If you don't want to go down the counselling route then have you thought about trying to write it all down? Buy a notebook and write down all the bad stuff. When you have finished letting it all out put the book away somewhere. It can be a release in itself (in the same way that posting on here can be) and seeing it in black and white can help make things so much clearer.

wobblyknicks · 06/02/2005 10:30

essbee - sorry I didn't say anything, have spent so long feeling like I don't need to talk about it and being 'happy' with it bouncing round in the back of my head that it just feels weird talking about it much now.

ct - have about 6 notebooks atm (keep forgetting where I've put them and buying a new one) and do write stuff down when I've got a chance. Can write pages and pages until I've got to stop to do something else or because I get wrist cramp. Does seem to help, got to force myself to do it more often - could write a bloody book!!

essbee · 06/02/2005 12:32

Message withdrawn

wobblyknicks · 06/02/2005 18:42

Thanks essbee - I definitely feel better after writing things down, its just trying to find the time to do it and trying to get it all down before my wrist goes completely numb . Wouldn't have the bottle to show it to anyone else though, good for you for doing it, sorry they didn't exactly give you anything positive back

essbee · 06/02/2005 21:19

Message withdrawn

mishi1977 · 06/02/2005 21:30

needsomehelp
I am similair to u and have been suffering sever depression the past yr..prior to that i had things from childhood and teenage yrs etc that i pretty much pretended didnt happen iykwim so was able to carry on as 'normal'..when i had my ds things came back to hit me ful force i in the face and any normality i did have disappeared..i too feared that once it all started slipping it wouldnt stop...but do u know that is probably the best thing that ever happened...yes i still suffer depression but instead of pretending and being something i am not i am now trying to find out who i am and dealing with the sh*t that happened....it isnt easy people around you will tell u uve changed ur not urself..but tbh where u ever really if u r hiding things? If you want someone to tlak to hun feel free to CAT me or add me to msn if u have it
mishi_c23 at hotmail dot com
I dont know many people on this board and I definetly will not judge...I was actually a mental health worker prior to opening my head iykwim and i am also currently using a no. of mental health services...i know u r scared and confused/ angry and upset...but please now u have people who want to help and wont judge u
HUge hugs

wobblyknicks · 07/02/2005 08:23

essbee - thats good then, at least someone else knew how you felt. Went to bed early instead of coming on MN () last night and scribbled 8 A4 pages off before my arm went completely stiff, so there's obviously enough in there!!!
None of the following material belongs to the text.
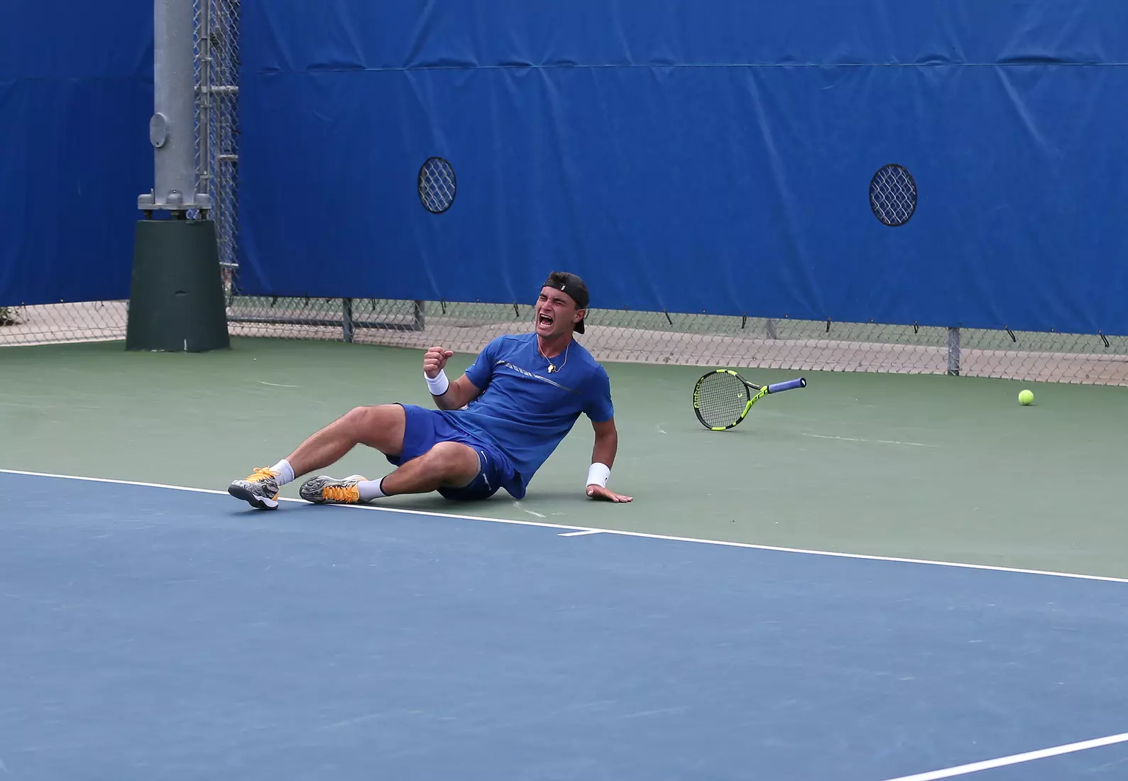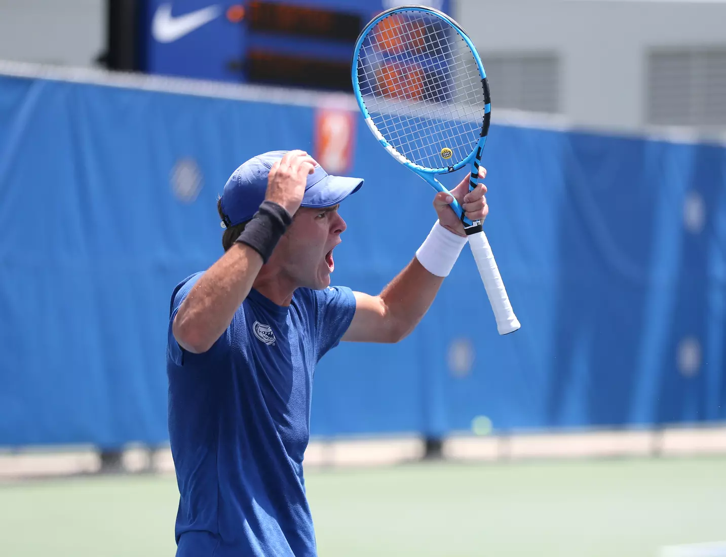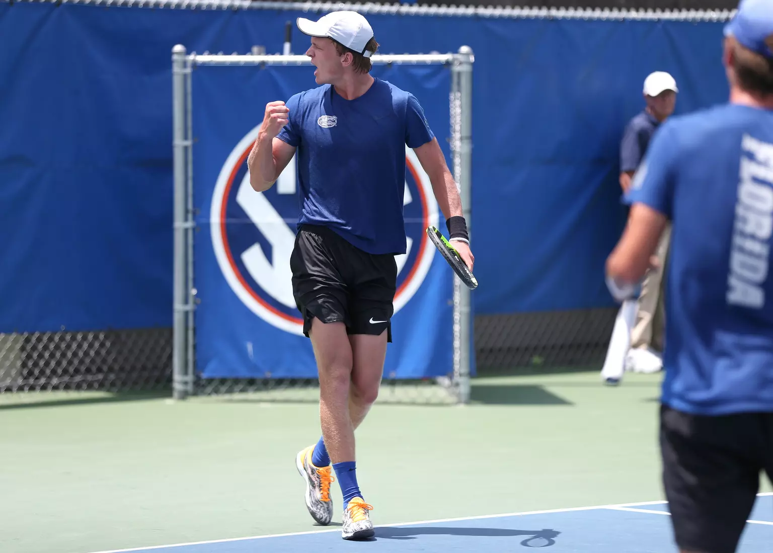 The fate of the match seemed to be in the hands of Duarte Vale, who had dropped the first set, but forced a third. After going down 4-3, having match point at 5-4, dropping two games and going down again, 6-5, tied the match and sent it to tiebreak. In tiebreak, Vale jumped out to a 4-2 lead in the tiebreak, but Preston Touliatos rallied and Tennessee tied it once again at 6-all. The two held serve until Vale went up 9-8. Touliatos' serve return went just long, Vale fell to the court and the dog pile ensued.

mishi - thankyou, will add you to msn. Know exactly what you mean about being honest about who you are and people judging you for it. My sister and friends think I'm doing brilliantly because I left ex-h and my parents think I'm going off the rails because I'm not a Christian. So there we go, there'll always be some people who don't get it! Like you said, things just suddenly come back to hit you full force and I think its the fact that I can't change anything that's happened but really wish I had that's getting me. Trying to find a way just to leave it and walk away but seems to be difficult.